» Provided material:
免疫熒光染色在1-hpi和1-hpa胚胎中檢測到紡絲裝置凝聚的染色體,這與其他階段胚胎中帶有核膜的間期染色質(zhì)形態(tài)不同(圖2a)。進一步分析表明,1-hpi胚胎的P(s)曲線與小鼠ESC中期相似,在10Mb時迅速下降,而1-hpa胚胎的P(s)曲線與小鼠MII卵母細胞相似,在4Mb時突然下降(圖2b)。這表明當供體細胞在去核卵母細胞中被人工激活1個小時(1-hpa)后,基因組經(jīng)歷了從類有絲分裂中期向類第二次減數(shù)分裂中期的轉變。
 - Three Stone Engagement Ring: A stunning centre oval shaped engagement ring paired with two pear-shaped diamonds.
---
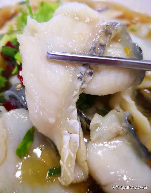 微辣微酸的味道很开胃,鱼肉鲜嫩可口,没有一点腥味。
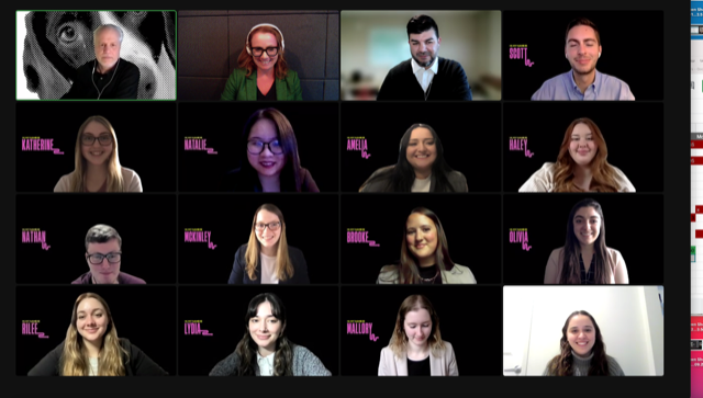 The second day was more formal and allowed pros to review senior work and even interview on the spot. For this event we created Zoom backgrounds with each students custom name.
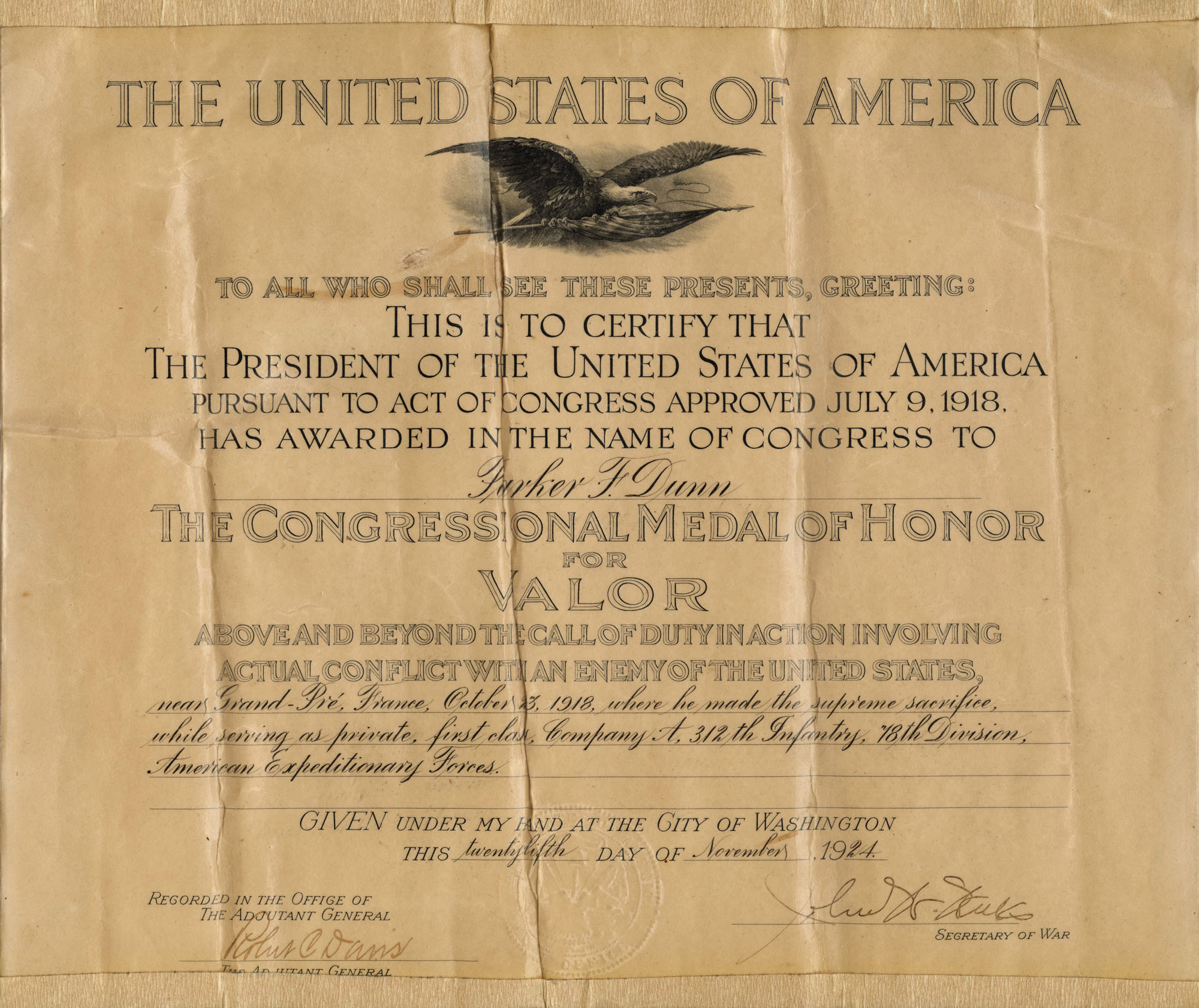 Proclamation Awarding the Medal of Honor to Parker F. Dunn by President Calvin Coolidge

» Required action: Leaving out each picture, repeat exactly the lines above from the one that contains "The second day" through the one that contains "Proclamation Awarding the".

» Response area:
 The second day was more formal and allowed pros to review senior work and even interview on the spot. For this event we created Zoom backgrounds with each students custom name.
 Proclamation Awarding the Medal of Honor to Parker F. Dunn by President Calvin Coolidge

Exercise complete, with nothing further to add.